If missing values in an otherwise numeric variable column are coded as something else than "NA", e.g. "." or "N/A", these rows will be interpreted as character, and then the whole column is converted to character.
Thus, if your missing values are some else than "NA", you need to specify them in na.strings.
If you're dealing with large datasets (i.e. datasets with a high number of columns), the solution noted above can be manually cumbersome, and requires you to know which columns are numeric a priori.
Try this instead.
char_data <- read.csv(input_filename, stringsAsFactors = F)
num_data <- data.frame(data.matrix(char_data))
numeric_columns <- sapply(num_data,function(x){mean(as.numeric(is.na(x)))<0.5})
final_data <- data.frame(num_data[,numeric_columns], char_data[,!numeric_columns])
The code does the following:
Imports your data as character columns.
Creates an instance of your data as numeric columns.
Identifies which columns from your data are numeric (assuming columns with less than 50% NAs upon converting your data to numeric are indeed numeric).
Merging the numeric and character columns into a final dataset.
This essentially automates the import of your .csv file by preserving the data types of the original columns (as character and numeric).
Including this in the read.csv command worked for me: strip.white = TRUE
(I found this solution here.)
version for data.table based on code from dmanuge :
convNumValues<-function(ds){
ds<-data.table(ds)
dsnum<-data.table(data.matrix(ds))
num_cols <- sapply(dsnum,function(x){mean(as.numeric(is.na(x)))<0.5})

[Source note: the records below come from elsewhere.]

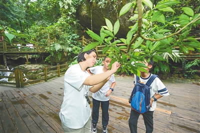 ③ 来自上海的研学旅行团走进五指山市水满乡的热带雨林。
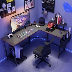 월로덴 L자형 코너형 게이밍 컴퓨터 책상 유튜버책상, 탄소섬유블랙(150x120x48x75CM)
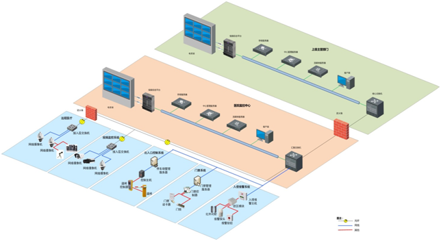 醫(yī)院綜合安防系統(tǒng)不僅集成了各個安防子系統(tǒng),還集成了遠程探視、遠程會診、手術(shù)示教等遠程醫(yī)療系統(tǒng)。同時醫(yī)院的管理人員亦可以通過平臺,實現(xiàn)對醫(yī)院內(nèi)部人、財、物的可視化管理。
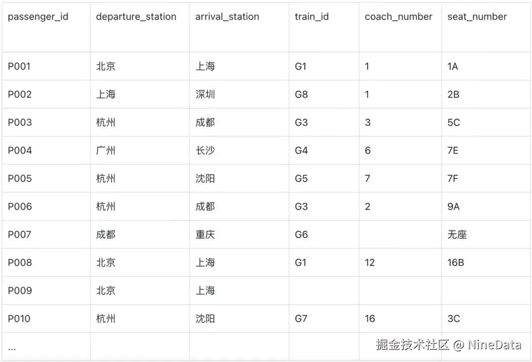 每列火车允许发售10%的无座票,无座的乘客coach_number为空,seat_number=无座。
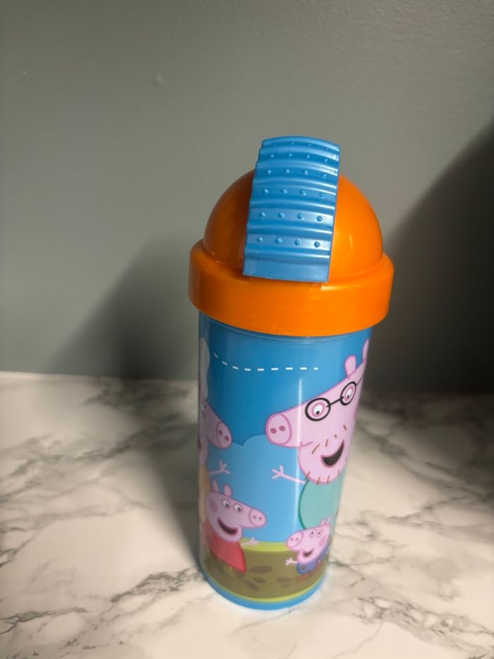 Je vends cette gourde Peppa Pig en plastique bleu et orange Matière : Plastique 20 cm État neuf

nds <- data.table( dsnum[, .SD, .SDcols=attributes(num_cols)$names[which(num_cols)]]
,ds[, .SD, .SDcols=attributes(num_cols)$names[which(!num_cols)]] )
return(nds)
}
I had a similar problem. Based on Joshua's premise that excel was the problem I looked at it and found that the numbers were formatted with commas between every third digit. Reformatting without commas fixed the problem.

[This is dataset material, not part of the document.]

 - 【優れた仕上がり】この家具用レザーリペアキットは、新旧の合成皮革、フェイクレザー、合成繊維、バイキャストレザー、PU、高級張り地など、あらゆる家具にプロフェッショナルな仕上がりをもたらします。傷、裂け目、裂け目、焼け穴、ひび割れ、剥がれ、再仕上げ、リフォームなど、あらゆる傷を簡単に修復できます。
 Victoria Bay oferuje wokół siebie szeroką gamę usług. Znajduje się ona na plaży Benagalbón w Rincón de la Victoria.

So, I had the similar situation here in my data file when I readin as a csv. All the numeric value were turned into char. But in my file there was a value with a word "Filtered" instead of NA. I converted "Filtered" to NA in vim editor of linux terminal with a command <%s/Filtered/NA/g> and saved this file and later used it and read it in R, all the values were num type and not char type any more.
Looks like character value "Filtered" was inducing all values to be char format.
Charu
Hello #Shawn Hemelstrand here are the steps in detail below:
example matrix file.csv having 'Filtered' word in it
I opened the file.csv in linux command terminal
vi file.csv
then press "Esc shift:"
and type the following command at the bottom
"%s/Filtered/NA/g"
press enter
then press "Esc shift:"
write "wq" at the bottom (this save the file and quit vim editor)
then in R script I read the file
data<- read.csv("file.csv", sep = ',', header = TRUE)
str(data)
All columns were num type which were earlier char type.
In case you need more help, it would be easier to share your txt or csv file.